WHITE HOUSE WELCOME
While most of the team took a flight from Chicago back home to enjoy the remaining weeks, Baker joined Lydia Colasante, Shea Dolce and Emma LoPinto on a plane headed for Washington, D.C.
On Sunday, the quartet of Boston College stars were honored at the White House along with approximately 40 other collegiate programs that won national championships in the 2023-24 school year.
“It was a huge event,” she said. “We got to see a little bit of the White House inside, and then they took us outside. It was a big lawn party.”
For Baker, the middie from Ithaca, N.Y., it was just another moment in the summer of a lifetime. She’s been part of a national championship run that concluded on May 26, made the U.S. U20 final roster in July and will serve as a captain of the team.
She hadn’t entertained the thought that she’d be leading a group of talented women in the most unique lacrosse experience she’s had, but Baker said she’s ready for the challenge.
“It’s a disposition, in order to make this team, you have to have it,” she said. “I was a little bit surprised, a little bit excited. I know being one of the older girls on this team and going through this process, previously with the U18 and U16 Select teams with Maddie and Brigid, it’s just incredible to be named alongside them.”

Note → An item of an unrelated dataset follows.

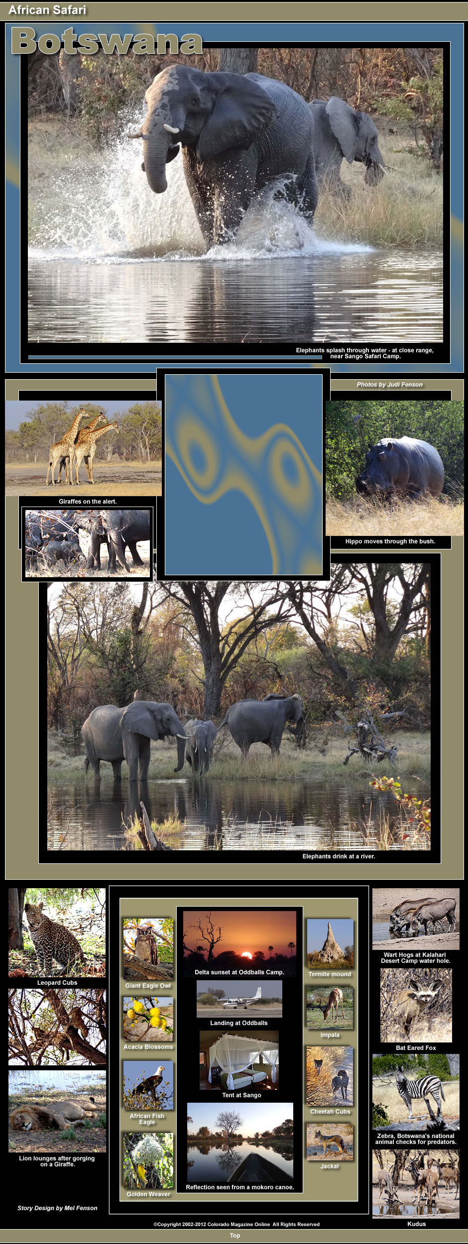 by Larry and Judi Fenson Botswana always gets top ratings among the 10 or so countries in Africa known for wildlife viewing. A number of factors contribute to Botswana's high rank as a safari destination. Most important is the presence of the Okavango Delta, a vast and pristine watery expanse of rivers, flood plains and islands. The Delta is located, oddly enough, in the middle of the Kalahari Desert. But water flowing from the highlands of Angola some 900 miles away arrives each year in June-July, at the beginning of the dry season, annually restoring these life-sustaining wetlands. The watery environment acts as a magnet to Kalahari wildlife, making the Okavango one of the richest game-viewing destinations in the world. Another positive for Botswana is the remoteness of the lodges. Most are situated in or adjacent to game parks reachable only by light aircraft. Your lodging puts you in such close proximity to wildlife that, at most camps, staff escorts are required between your quarters and the main lodge area after dark. At two of our 3 lodges, we could hear hippos at night no more than 10 feet from our tents. At one camp, two elephants made themselves at home one night, doing a bit of damage. It was quite interesting to observe and a bit scary. At our Kalahari lodge, two male lions were fighting on the grounds early in the morning the day before we arrived. That would have been something to see. We heard the eerie yipping of jackals at that lodge late evenings and early mornings. Sango Safari Camp One day we learned that two male lions had been spotted with a giraffe kill. We weren't enthusiastic about seeing the dead giraffe but we did want to see some lions in Botswana. So off we went. Even at some distance away, we saw a sizable group of vultures circling overhead. When we reached the spot, one of the lions was prostate next to the giraffe, so stuffed he seemed hardly able to move. We approached in our vehicle to no more than 10 or 12 feet away. It is not often you can get that close to a lion. We had more good luck on another day when our guide Joel received word that two leopard cubs had been spotted. We moved in and were excited to get very good views of the two cubs playing. Joel estimated that they were about 9 months old, already pretty large - and gorgeous! At each of the lodges, excursions take place early in the morning from about 7 am to 10:30 or 11:00 and then again in the late afternoon from about 3:30 to 6:30.These are the best times to see animals and birds and it is also coolest during these hours. Other than lunch and then tea around 3:00, you have free time during the mid-day hours. The lodges always have comfortable lounge areas and a nice range of nature books and field guides. Coffee and tea and soft drinks are typically available at all times. Many lodges have decks or viewing platforms and some have watering holes which are great for watching the interplay as animals cautiously approach and retreat. Oddballs We had an unexpected adventure our last night at Oddballs when two elephants made themselves at home in our camp around 3:00 am. They were after palm nuts. It happened that a tall palm across from our tent was loaded with them. When our visitor shook the palm vigorously, the large pods came tumbling down on top of the wooden cover over the tent (now we know why the covers are there). This event made a huge clatter, waking almost everyone in camp. Judi shot up in bed saying "ellies!" After a while, this elephant ambled across the path to our friends' tent adjacent to ours to munch on a jackleberry busy and was virtually eyeball to eyeball with them peering out through their mesh window. But not to worry, Mr. Elephant strolled back toward the lounge after a while and then across the walkway that leads to the airstrip, crunching a few boards and rails before paying a visit to Delta Camp about 20 minutes away. Kalahari Desert Camp
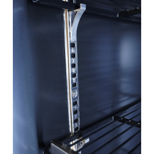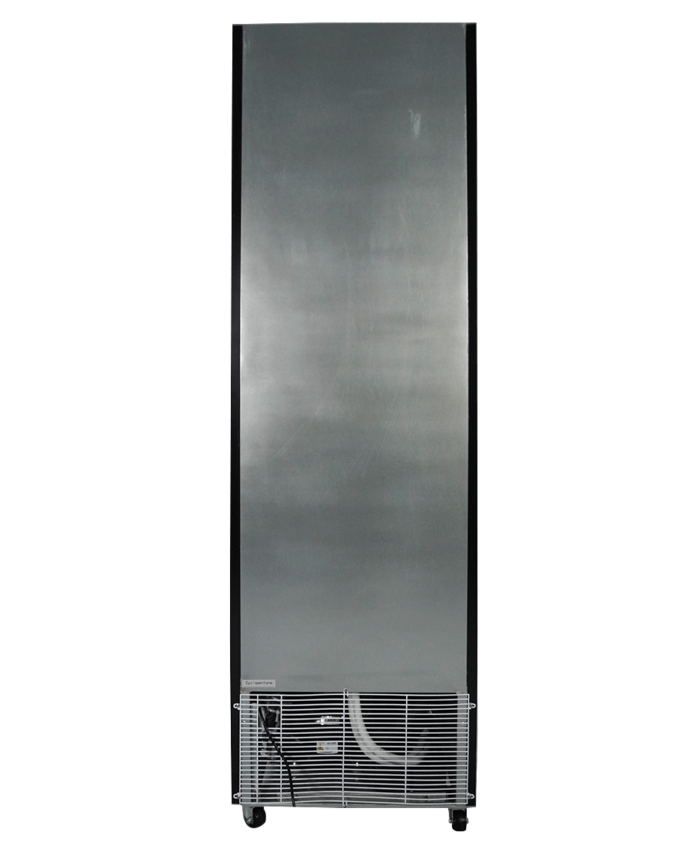 Deze zwarte koelkast heeft een moderne uitstraling, zelf sluitende deur, verstelbare schappen en digitale temperatuur aflezing. Het geventileerde koelsysteem zorgt voor efficiënte koeling, terwijl automatische ontdooiing het onderhoud minimaliseert. De LED-verlichting verlicht je producten optimaal en de deurverwarming voorkomt condensvorming, eenvoudig in- of uit te schakelen. De afmetingen zijn 620x705x2050mm (LxDxH) – verbruik 0.3 kW – inhoud 450 liter – temp. 0/+10ºC – gewicht 105 kg.

Baker plays with a toughness. A superfan of Sidney Crosby and a lifelong hockey player, she might have been able to play another sport in college.
However, Baker is less interested in being the next Kenzie Kent. Lacrosse is more than enough for her.
“I did think about [playing hockey],” Baker said. “I don’t know if my hockey skills were quite there, but I like to have all my eggs in one basket. I like to be bought into whatever I’m doing. I figured one sport would be better than two.”
DUFFY GETS HER OTHER TEAM’S BLESSING
Duffy, too, had a unique destination upon leaving Northwestern last week. The Army junior headed right back to West Point to continue taking summer classes — something she does to ease the workload during the spring season — and to shadow physicians at Keller Army Community Hospital.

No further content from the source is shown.